* Data excerpt:
=-=-=-=-=
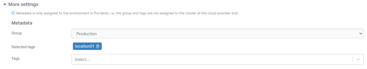 You can also expand the More settings section and set groups and tags for your environment now or you can do this later.
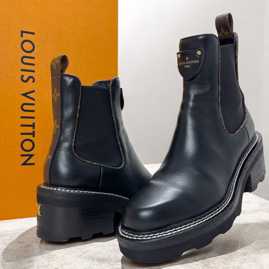 > 【現行/極美品】LOUIS VUITTON ルイヴィトン LVボブールライン サイドゴアブーツ アンクルブーツ LVロゴ モノグラム レザー 黒 イタリア製
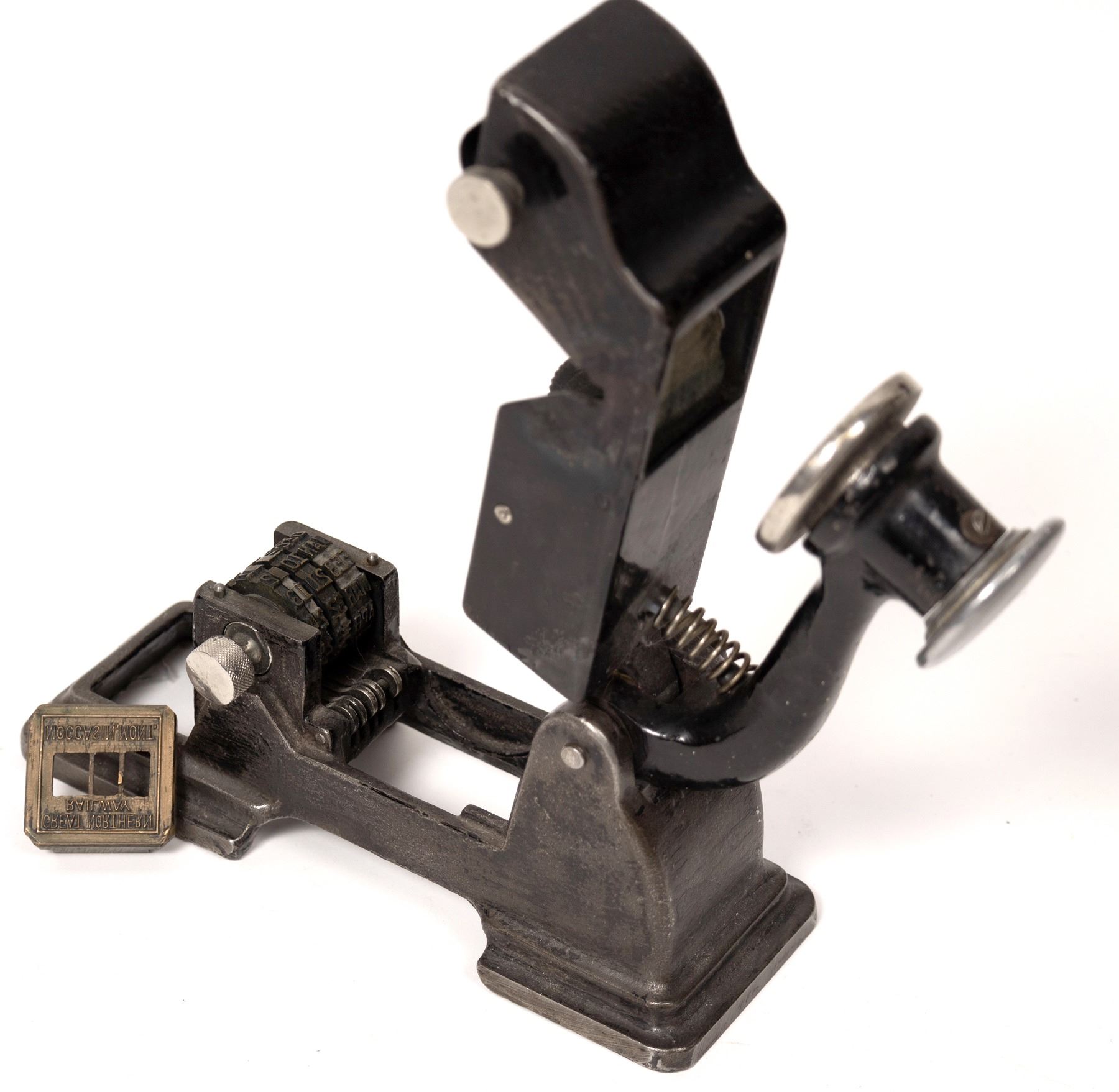 Cast iron punch canceller with Great Northwestern Railway, Moccasin, Mont. ID plate. 5.75x8.25x3".
=-=-=-=-=
* Task brief:
Retype the data above exactly, dropping every picture.

* Written solution:
 You can also expand the More settings section and set groups and tags for your environment now or you can do this later.
 > 【現行/極美品】LOUIS VUITTON ルイヴィトン LVボブールライン サイドゴアブーツ アンクルブーツ LVロゴ モノグラム レザー 黒 イタリア製
 Cast iron punch canceller with Great Northwestern Railway, Moccasin, Mont. ID plate. 5.75x8.25x3".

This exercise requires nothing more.